An expert in “Security and International Politics,” Maena frequently travels to Buenos Aires, where he advises Patricia Bullrich, minister of security under Javier Milei. After winning the trial, he congratulated his lawyer with a tweet expressing his class hatred, saying, “We did it!! FINAL CONVICTION for the anarchist CNT prisoners.”

The lawyer of the bakery is Javier Gómez Bermúdez, a former judge of the National Court, a special Spanish tribunal dedicated to cases of terrorism and drug trafficking. He became famous for establishing the legal doctrine that prevented Emilio Botín, then president of Banco Santander, Spain’s largest bank, from being convicted of tax fraud. He later left the National Court to practice law, and his wealthy clients now include Banco Santander itself and Jaime Botín, Emilio’s brother and uncle of the current president of the bank.

The judge who sentenced the CNT members, Lino Rubio Mayo, is notorious for his harsh anti-working-class rulings in labor conflicts and social disputes.
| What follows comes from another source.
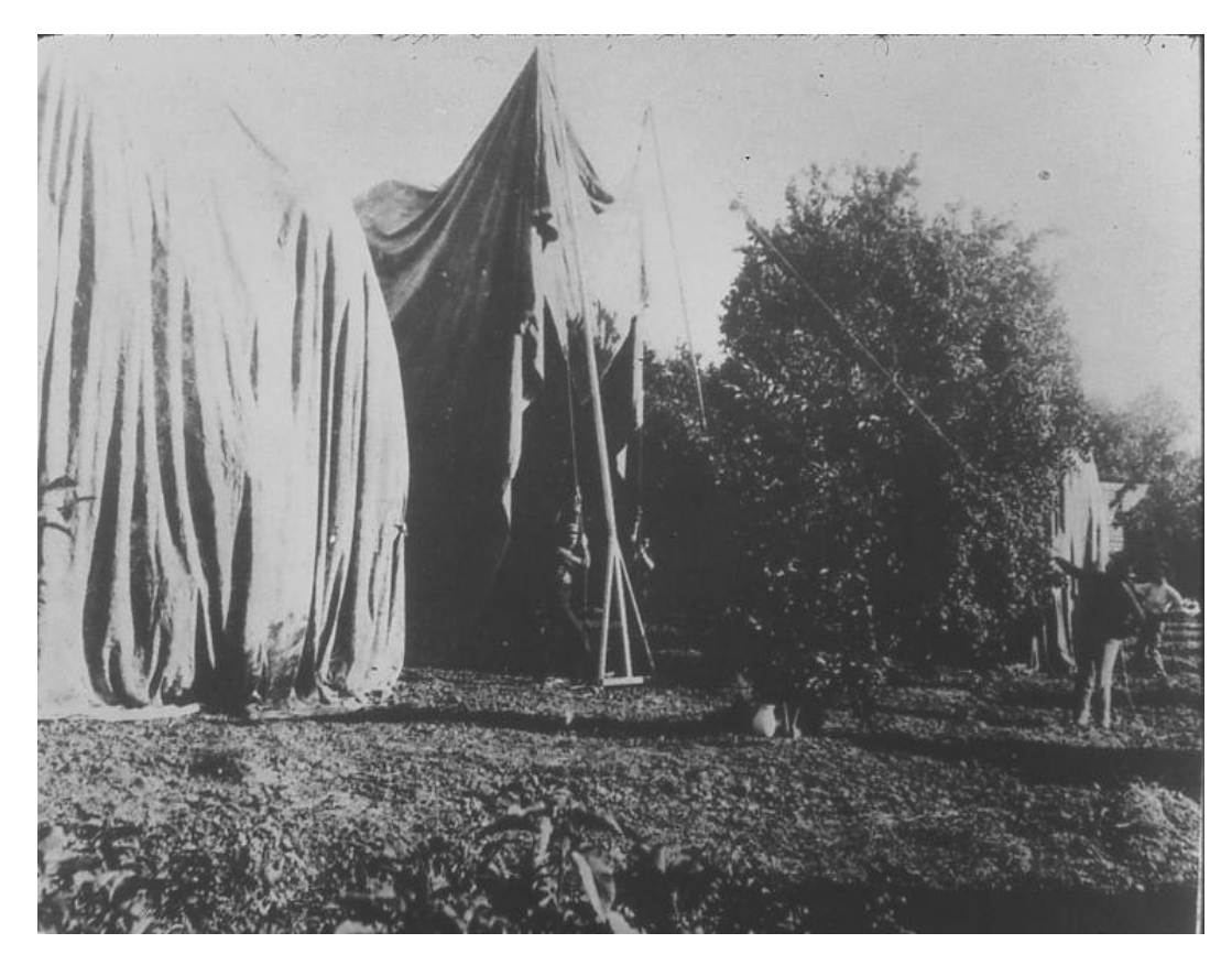
Figure 1: Tenting trees for fumigation

The judge who upheld the sentence in the Supreme Court is Manuel Marchena, another prominent figure known for leading the sham trial of Catalan nationalist leaders, which condemned nine of them to decade-long jail sentences over their role in the October 1, 2017, Catalan independence referendum. The ruling was based on fraudulent convictions on charges of sedition and misuse of public funds.

The role of these fascistic individuals in the conviction of labor picketers is an urgent warning on how fascistic police-state measures have escalated, first under the Socialist Party (PSOE)-Podemos government (2020-2023) and then the current PSOE-Sumar government.

Capitalist governments in Spain and internationally are preparing the state machine to attack any protests against imperialist wars such as the NATO war against Russia in Ukraine and the NATO-backed Palestinian genocide in Gaza, as well as against austerity at home. The leaders of Podemos and Sumar have not sought to oppose the capitalist state and its repressive apparatus but to integrate into its military-police machinery. Their minor declarations of support for the convicted workers are empty and cynical.

The PSOE-Podemos government has been violently hostile to working class struggles. In November 2021, it deployed armoured vehicles and riot police against striking metalworkers in Cadiz. In April 2022, it mobilised 23,000 police to crush a 75,000-strong truckers strike against rising fuel prices amid NATO’s war against Russia in Ukraine. Against healthcare workers and aircrew strikes, the PSOE-Podemos used the draconian minimum service requirements to break strikes.

Sumar’s former leader, current Deputy Prime Minister and Labour Minister Yolanza Díaz, imposed a reactionary anti-worker labor law that enshrined precarious working conditions and a pension cut fixing the retirement age at 67 and slashing future retiree benefits. Austerity policies have continued under the current PSOE-Sumar government.

The union bureaucracies have also verbally supported these workers, but the reality is that beyond sending a few union bureaucrats to join solidarity protests, the Podemos/Sumar-linked Workers Commissions (Comisiones Obreras, CCOO) and the PSOE-aligned General Union of Workers (UGT) have not organised any mass protests or sought to rally their 2 million members to oppose this sentence or others like it.

The way forward for Spanish workers to respond to repression and defend their living conditions, just like their counterparts in Europe and around the world, does not lie in trusting the pseudo-left forces or the union bureaucracies. Instead, they should form independent grassroots committees in each workplace and coordinate and unify their struggles through the International Workers’ Alliance of Rank-and-File Committees. Building such committees is the only way to break the overwhelming control of the PSOE government, along with Podemos and Sumar, and the union leaders over the class struggle.